Carine destaca que produtores que investem em maiores tecnologias e cuidados com o solo, obtiveram resultados melhores, mesmo diante das adversidades.

“Existe produtores que já estão investindo há tempo em preparação do solo, palhada e rotação e cultura, isso tudo ajuda em uma melhor produtividade”, explica.

Em alguns casos, os produtores “abandonaram” a lavoura, não fazendo os investimentos necessários naquele momento, pois já haviam desacreditado da safra.

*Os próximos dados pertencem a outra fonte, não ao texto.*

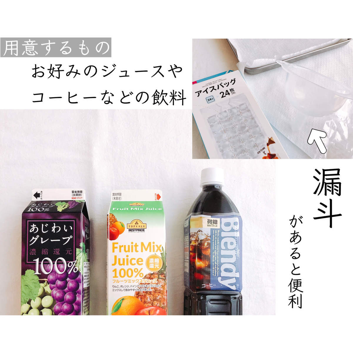 用意するものは、お好みのジュースやコーヒーなどの飲料です。
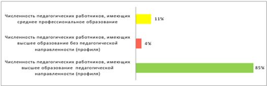 образование 3 чел. (11%), все педагогические работники, имеют среднее
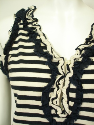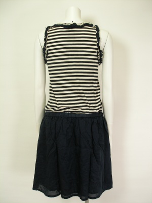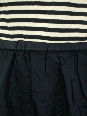 綿のボーダーカットソーとキュプラの無地スカートとのトリックワンピ。

“Percebe-se que há produtores que têm investido em melhores tecnologias e cuidados com as lavouras, melhorando os rendimentos. A tecnologia e aprimoramento são recursos disponíveis no campo, isso torna a terra mais produtiva e com maiores chances de produção, mesmo em momentos de estiagem com ocorreu neste ano”, finaliza a extensionista.

Produtor não desanima mesmo frente as adversidades

O produtor camarguense Valcir Vicenzi, não perdeu tempo lamentando as perdas e já iniciou o plantio de inverno, com o cultivo da canola e já prepara para o mês de junho plantar trigo.

“Em maio eu e meu filho, Maikon, já plantamos uma parte da canola e em junho vamos plantar o trigo. Nós já compramos os insumos principais, pouca coisa falta agora, mas a diferença no valor do ano passado para este é muito grande, principalmente o adubo”, exclama o produtor.

Mesmo com a frustação da safra de verão, o produtor e seu filho não desanimam. “Nós plantamos um pouco mais tarde, mas não atingimos 50% da expectativa de colheita. Dependendo do investimento feito o custo da lavoura é de 25 sacas por hectare, e nós temos a preocupação de investir em melhorias e bons insumos para que a produção melhore a cada ano”, explica Vicenzi.

O produtor explica que a rotatividade das culturas de inverno é necessária, pois assim há menos probabilidades de a planta desenvolver alguma doença.

“Agora nós esperamos que acalme um pouco as chuvas para o plantio do trigo, torcer para que a geada tardia não prejudique a canola já plantada. Nós procuramos também diversificar, plantando uma parte de canola, outra de trigo e pastagem para o gado”, explica.

A safra deste ano não foi a ideal, mas não desanima o produtor e sua família. “Nós investimos e trabalhamos e sempre torcemos para que a próxima safra seja melhor do que a última. Essa é a vida e a realidade do agricultor”, finaliza.